1. Discovery and Research

Problem Framing January 2025

We started by interviewing internal stakeholders and reviewing 30+ legacy documents to map current user journeys and identify friction points in the spectrum auction experience. This phase clarified key pain points for both public users and internal teams, and defined the project goals, constraints, and success metrics.

2. Information Architecture and Content Design

Structure and Clarity February 2025 - March 2025

Based on research insights, I reorganized navigation and page flow to make high-priority tasks easier to find and complete. I simplified labels, reduced content density, and introduced a clearer step-by-step structure so users could understand eligibility, timelines, and submission requirements with less effort.

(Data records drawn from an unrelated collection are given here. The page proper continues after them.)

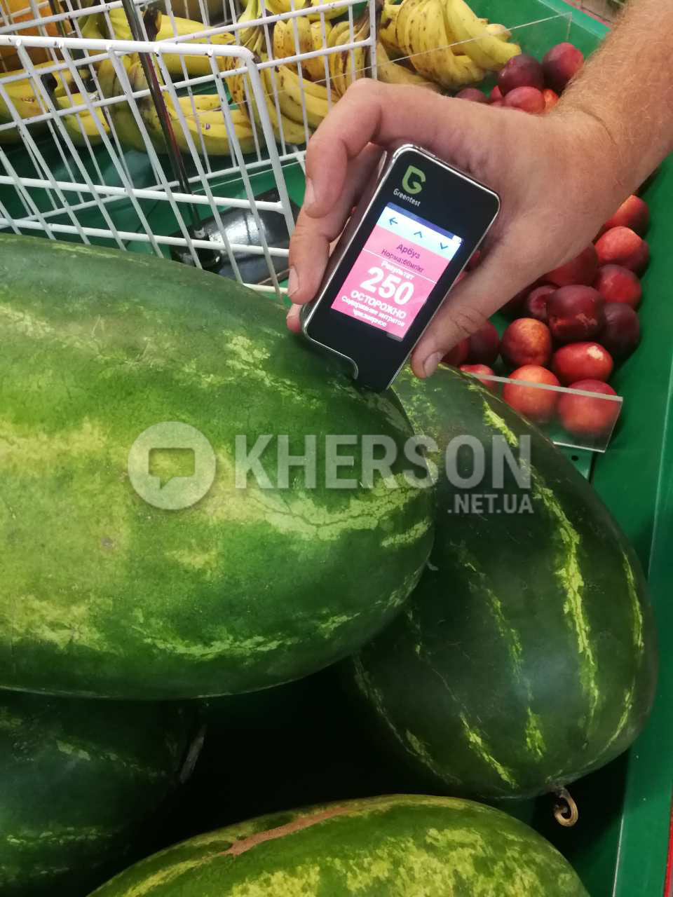 Так, в «Экомаркете» в торговом центре «Европорт» в Херсоне продают 2 вида арбузов по 8,99 грн и по 2,99 грн. Предельно допустимая концентрация нитратов в арбузе – 60 мг на кг. Однако специальный нитрат-тестер показал, что в арбузах 250 мг и 350 мг нитратов соответственно цене.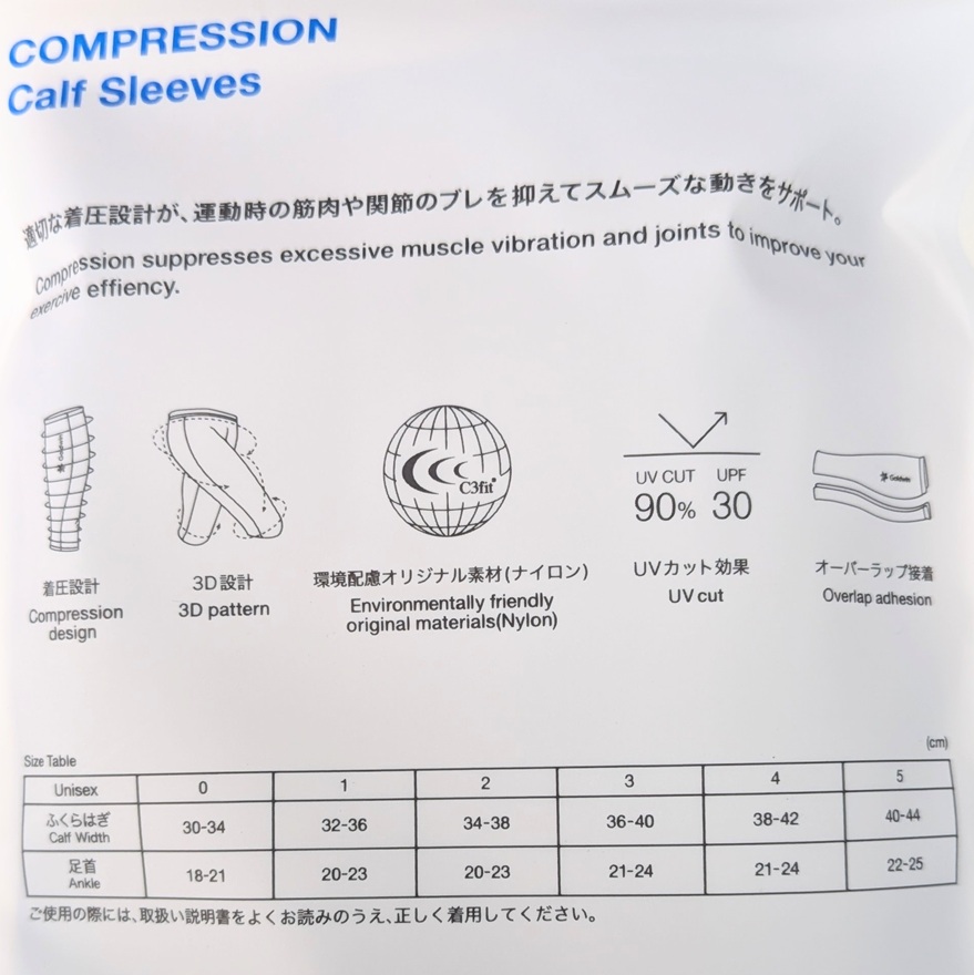 着心地のよさにこだわった着圧設計のコンプレッション(Compression)シリーズのカーフスリーブ。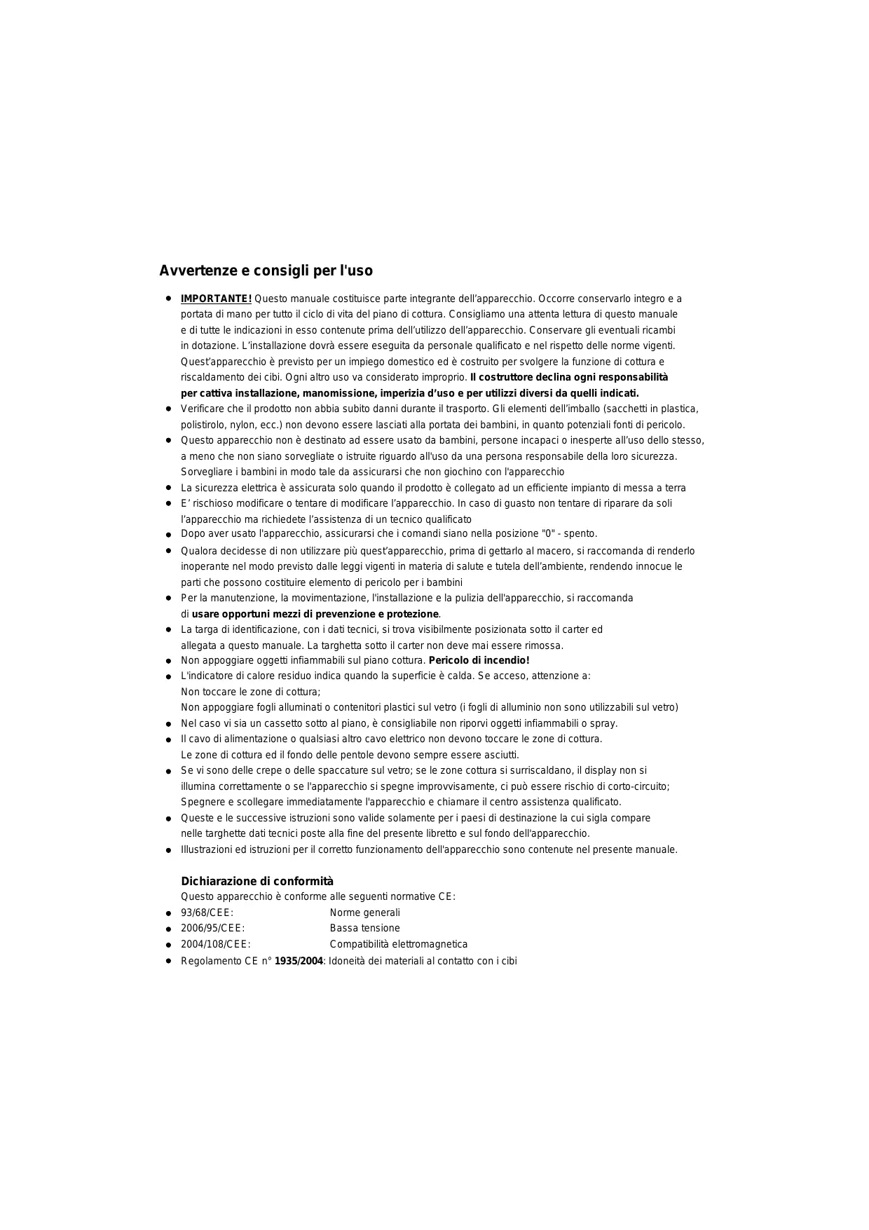 - IMPORTANTE! Questo manuale costituisse parte integrante dell'apparecchio. Occorre conservarlo integro e a portata di mano per tutto il ciclo di vita del piano di cottura. Consigliamo una attentalettura di questo manuale e di tutte leindicazioni inesso contente prima dell'utilizzo dell'apparecchio.Conservare gli eventuali ricambi in dotazione.L'infallazione dovraressereseguita da personale qualificato e nel rispetto dellenorme vigenti. Quest'apparecchio è previsto per un impiego domestico ed è costruito per svolgere la funzione di cottura e riscaldamento dei cibi.Ogni altruso va considerato improprio. Il costruttore declina agli responsabilita per cattiva installazione,manomissione,imperizia d'uso e perutilizzidiversi da quelli indicati.

3. Prototyping and Iteration

Design Validation April 2025 - July 2025

I designed 50+ Figma screens and built 4 HTML prototype versions to test layout, interaction patterns, and content hierarchy. Each iteration was refined using stakeholder feedback and observed user behavior, allowing the team to quickly validate decisions before implementation.

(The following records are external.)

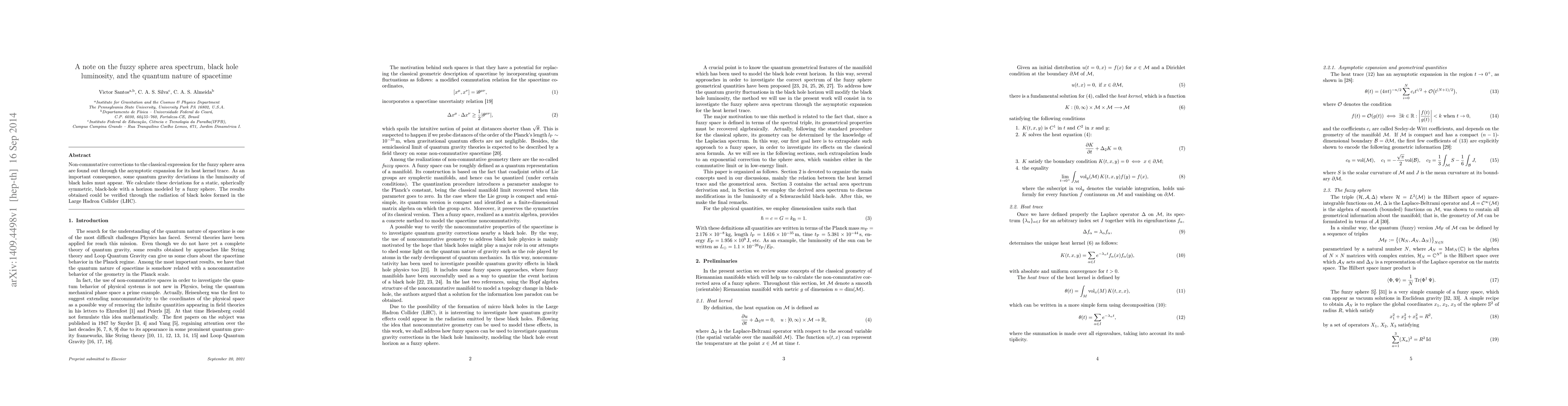 This paper investigates non-commutative corrections to the fuzzy sphere area, revealing quantum gravity effects on black hole luminosity. It calculates these deviations for static, spherical black holes with fuzzy horizon models, suggesting potential verification through LHC-produced black hole radiation.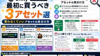 アセット 【Unity】最初に買うべきアセット3選と「買わなくていい」アセットの見分け方 今回は、Unity初心者の方を対象として序盤に購入するべきアセットと、買う必要は特にないアセットについて見分け方を紹介したいと思います。はじめに:アセット選びで一番多い失敗Unityのアセットストアを初めて開いたとき、「何を買えばいいかわか... 2026.04.26 アセット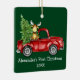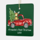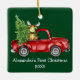 Baby's First Christmas Watercolor Vintage Red Truck with Tree and Baby Moose Green Ornament. Add Name. Photo Back.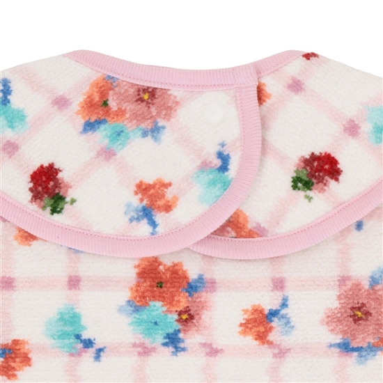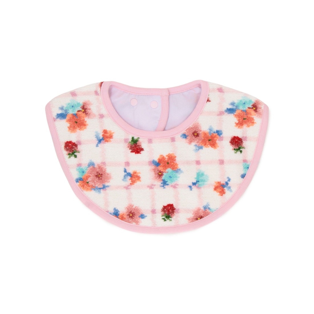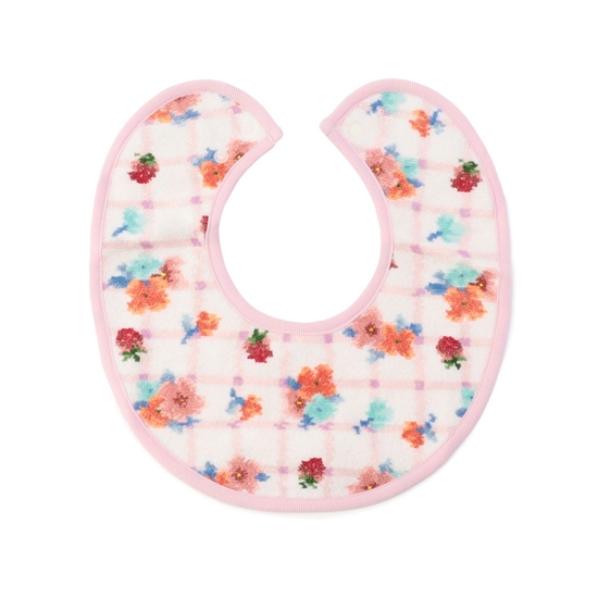 ソフトな肌触りが心地よい『ブルームブルーム』のスタイです。首の後ろでスナップボタンを留めるタイプで、2段階に調節可能。ワンタッチで簡単に着脱できて、お子さまへの負担が最小限なのもうれしいポイント。靴下(BLB-260533)やマルチケース(BLB-260523)などとセットで、出産祝いの贈り物にもおすすめです。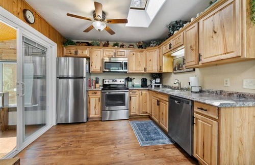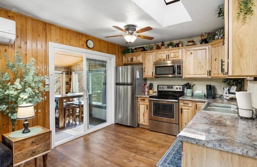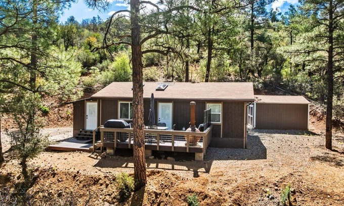 Welcome to this delightful cabin in Prescott. This charming retreat features 2 soothing queen beds, a cozy bathroom with a shower, and essential amenities like WiFi and AC. Guests can unwind in the serene surroundings or explore the local attractions. Experience what Prescott has to offer with a stay at our cabin. Nestled in the Prescott National Forest with access to three different hiking trails and seated above a seasonal creek. Fenced deck and additional sunroom gives a variety of places to relax. Full kitchen with everything you could possibly need! Keurig coffee pot and K-cups are provided. Calm and serene with views of the forest. Dog friendly too!

4. Usability Testing and Accessibility Compliance

Inclusive Experience August 2025 - September 2025

I co-led usability testing with 20 participants and translated findings into targeted improvements for navigation, readability, and task completion. Accessibility checks were built into every round, including keyboard flow, screen reader behavior, and contrast verification, to ensure final outputs aligned with WCAG 2.2 AA standards.

5. Outcomes and Impact

Business and user value Pilot validation phase

Proposed direction from testing showed promising early indicators: users completed primary navigation tasks faster, reported lower confusion around eligibility steps, and gave stronger confidence ratings for understanding next actions. Internal stakeholders also reported that the revised structure better supported policy communication and reduced repetitive clarification requests.

Problem Discovery

Key Pain Points Identified

Synthesis from interviews and journey mapping Discovery phase

The discovery phase surfaced five consistent pain points:

  • Important information was buried in long content blocks and hard to scan quickly.
  • Users needed too many steps to move between auction stages and supporting documents.
  • Terminology was inconsistent across pages, creating uncertainty and avoidable mistakes.
  • Internal teams spent significant time answering recurring process questions.
  • Accessibility gaps made navigation harder for keyboard and screen-reader users.

Methods and Tools

Research and Synthesis

Understanding user and business needs

Stakeholder interviews, legacy document review, and user journey mapping were used to identify friction points, align priorities, and define measurable UX goals before design work started.

  • Stakeholder Interviews
  • Journey Mapping
  • Miro Workshops

Design and Validation

Testing ideas before handoff

I used Figma for wireframes and high-fidelity screens, built HTML/CSS prototypes for realistic interaction checks, and ran usability/accessibility validation (including NVDA) to ensure decisions were evidence-based.

  • Figma Prototyping
  • HTML/CSS Test Builds
  • Userlytics Sessions
  • NVDA Accessibility Checks
Core Toolkit

Figma, GitHub, Userlytics, Miro, HTML/CSS prototypes, NVDA, WCAG 2.2 AA checklists, and collaborative feedback sessions with stakeholders.

Reflection

What I learned and what I would improve

This project strengthened my ability to design in policy-heavy environments where clarity and trust are as important as visual design quality. If I were continuing this work, I would expand mobile-first testing earlier, run another accessibility audit with assistive technology users, and add a metrics dashboard to monitor task completion and drop-off trends after launch.